Salivanth comments on How valuable is it to learn math deeply? - Less Wrong

20 Post author: JonahSinick 02 September 2013 06:01PM

You are viewing a comment permalink. View the original post to see all comments and the full post content.

Comments (79)

You are viewing a single comment's thread. Show more comments above.

Comment author: Stabilizer 02 September 2013 08:25:12PM 10 points [-]

Some lessons that I've learned from attempting to solve hard and tricky math problems, which I've found can be applied to problem-solving in general: (a) Focus hard and listen to confusions; (b) Your tendency to give up occurs much before the point at which you should give up; (c) Don't get stuck on one approach, keep trying many different approaches and ideas; (d) Find simpler versions of your problem; (e) Don't beat yourself up over stupid mistakes; (f) Don't be embarrassed to get help.

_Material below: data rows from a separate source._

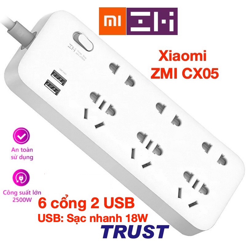 Ổ cắm điện ZMI Power Strip 6 cổng 2 USB ZMI CX05 - Chính Hãng
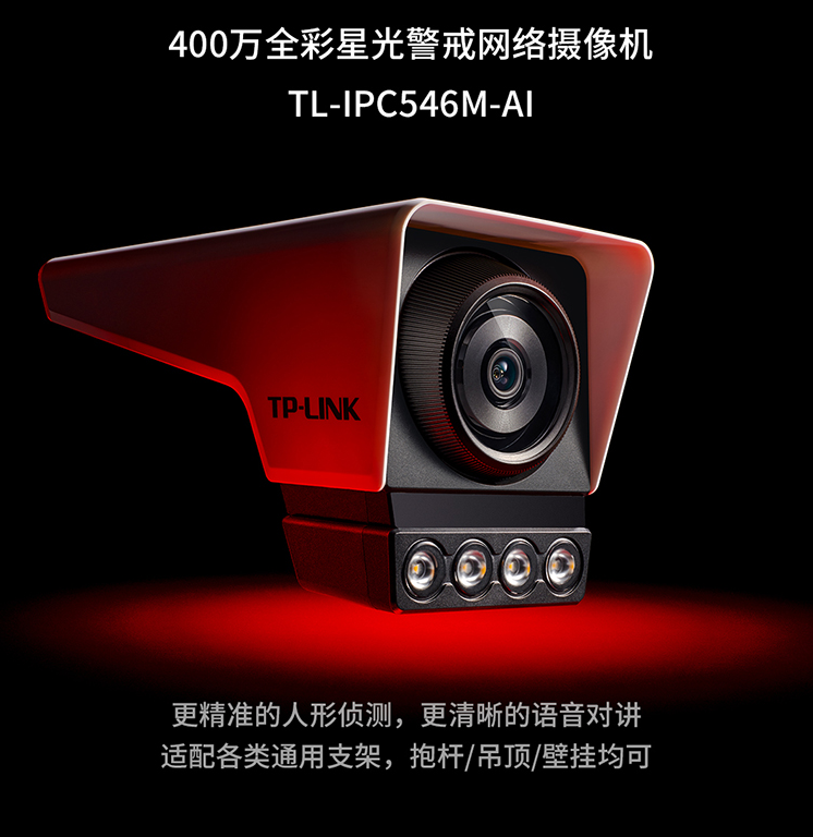监控摄像机普联/TP-LINK400万高清监控摄像头户外监视器TL-IPC546M-AI4/AI6/台
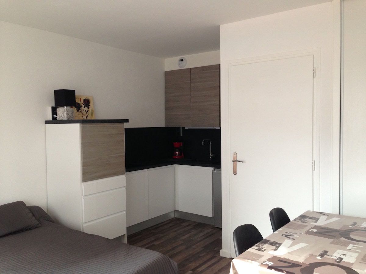 Charmant studio 2 pers proche centre ville refait à neuf. Equipé d'un lit de 140, une salle de bains avec une grande douche 120 /90. Cuisine équipée neuve avec lave vaisselle, réfrigérateur, plaques inductions et Hotte aspirante. Situé au rez de chaussée d'une résidence privée avec cour fermée et place de parking réservée sur place. WIFI haut débit gratuit, TV avec Amazon prime inclus. Situé à 500m du centre ville, commerce ( carrefour market à 300 m), 1 km de la gare. Lac à 1,5 km.
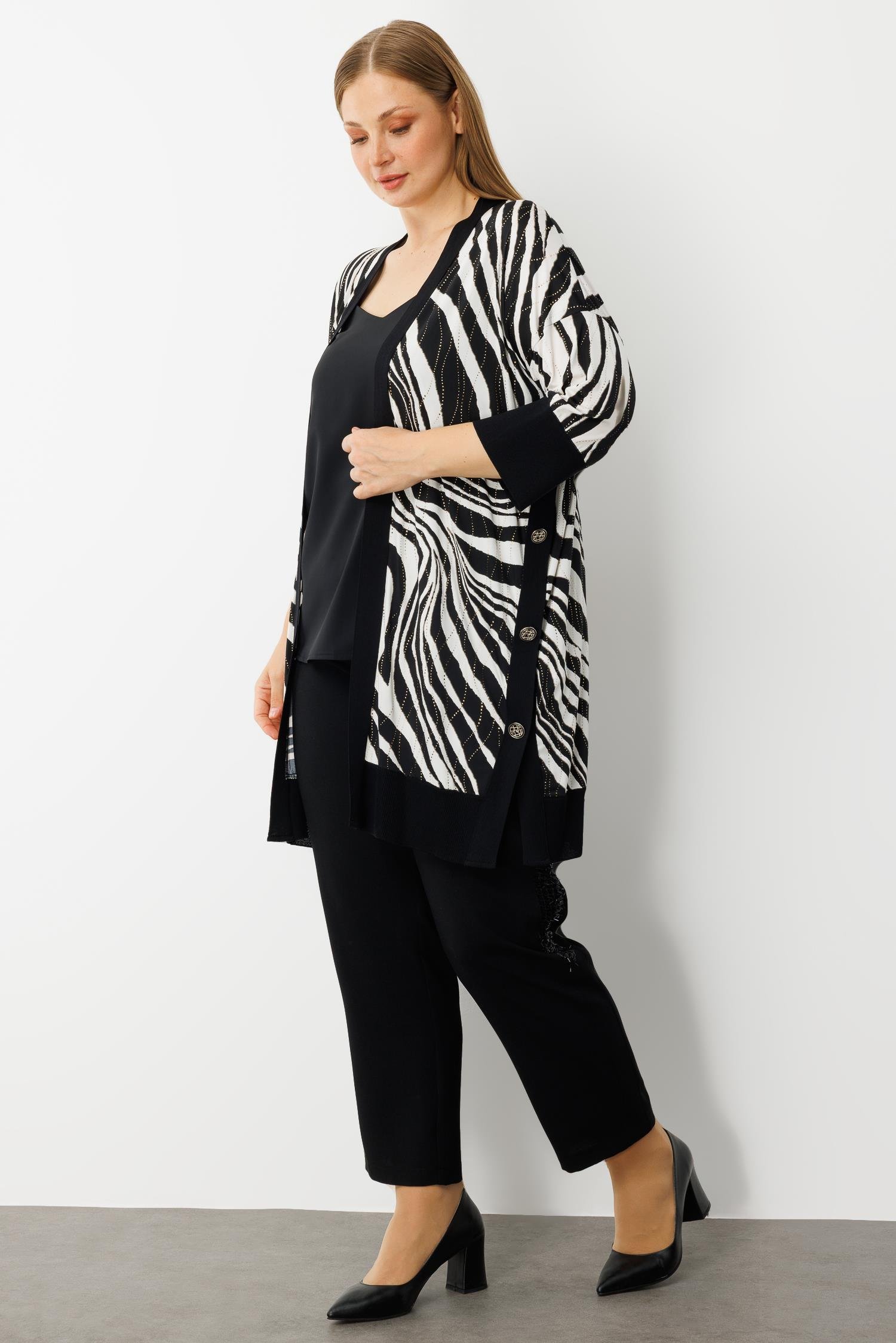 Modailgi  Zebra Desen Düğme Detaylı Ribanalı Uzun Ceket Zebra
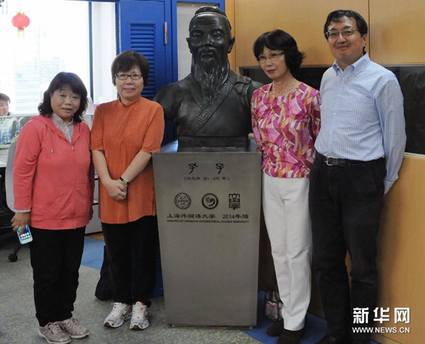 | 日本?大阪産業(yè)大學(xué)の孔子學(xué)院で27日、孔子像と記念撮影する日本人學(xué)生。 |
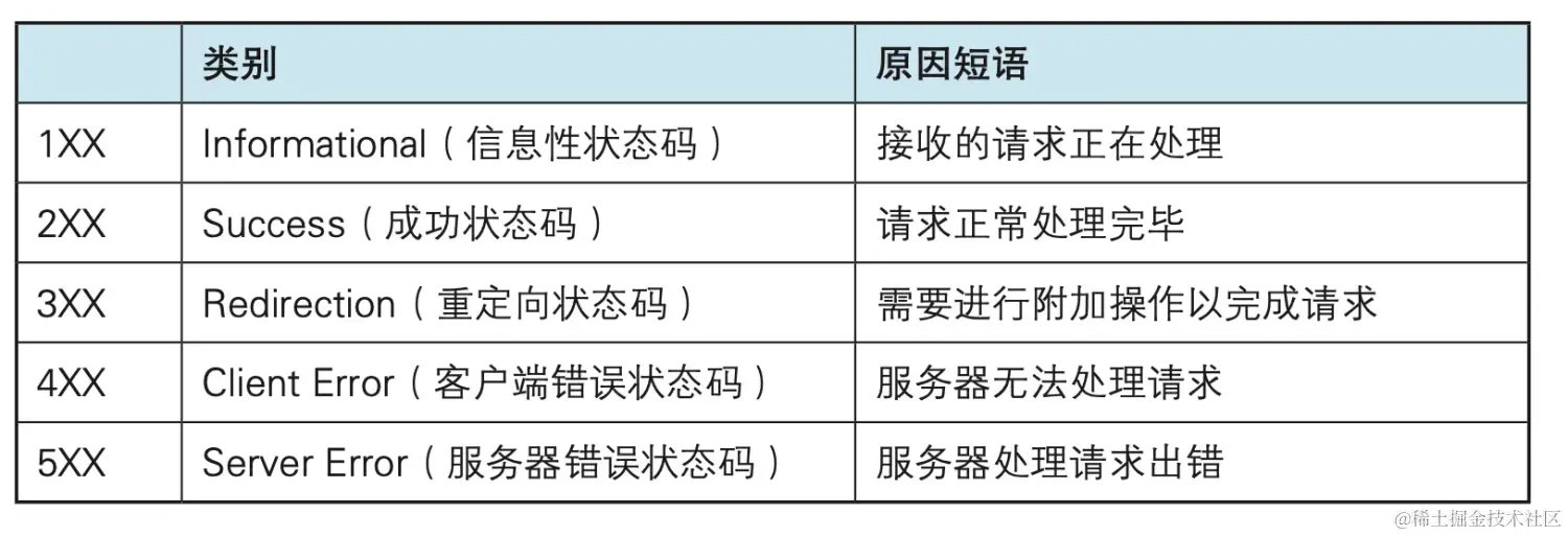 状态行:包含表明响应结果的状态码,原因短语和 HTTP 版本。
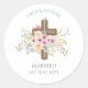 Personalisierte Hochzeit oder Jahrestag Blumenkreu Runder Aufkleber
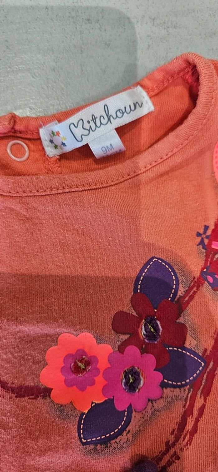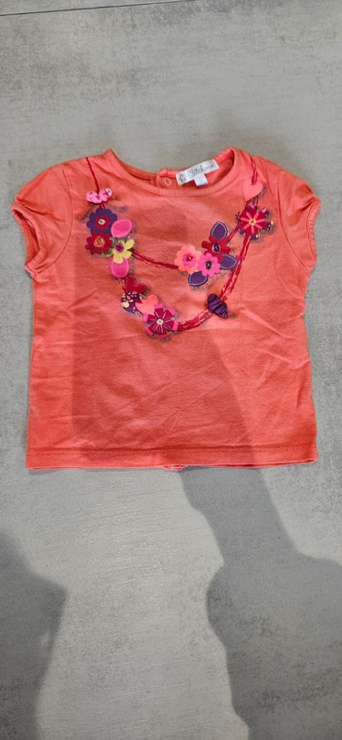 T-shirt fille manches courtes fleuri Ouverture pratique le long du dos par pression Porté mais sans imperfection Kitchoun taille 9 mois
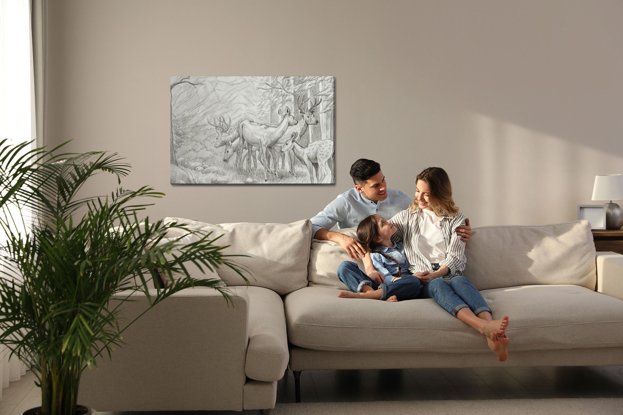 Varje tavla monteras på en massiv fururam. Format upp till 70×50 cm har en ram på 15 mm, medan format från 90×60 cm och uppåt har en ram på 20 mm. Den exakta dukspänningen gör att tavlan håller sin form över tid. Motivet Sketch of a deer trycks runt hela ramen vilket ger ett stilrent galleriuttryck där tavlan är lika vacker från sidan som framifrån. Kombinationen av rak dukspänning, rena linjer och korrekt tryck ger en professionell finish.

But of course I don't mean to say that learning math is the only way or the best way to learn these techniques.

Comment author: Salivanth 11 October 2013 02:36:59PM 1 point [-]

I wanted to thank you for this. I read this post a few weeks ago, and while it was probably a matter of like two minutes for you to type it up, it was extremely valuable to me.

Specifically a paraphrase of point B, "The point where you feel like you should give up is way before the point at which you should ACTUALLY give up" has become my new mantra in learning maths, and since I do math tutoring when the work's there, I'm passing this message on to my students as well.

So, thank you very much for this advice.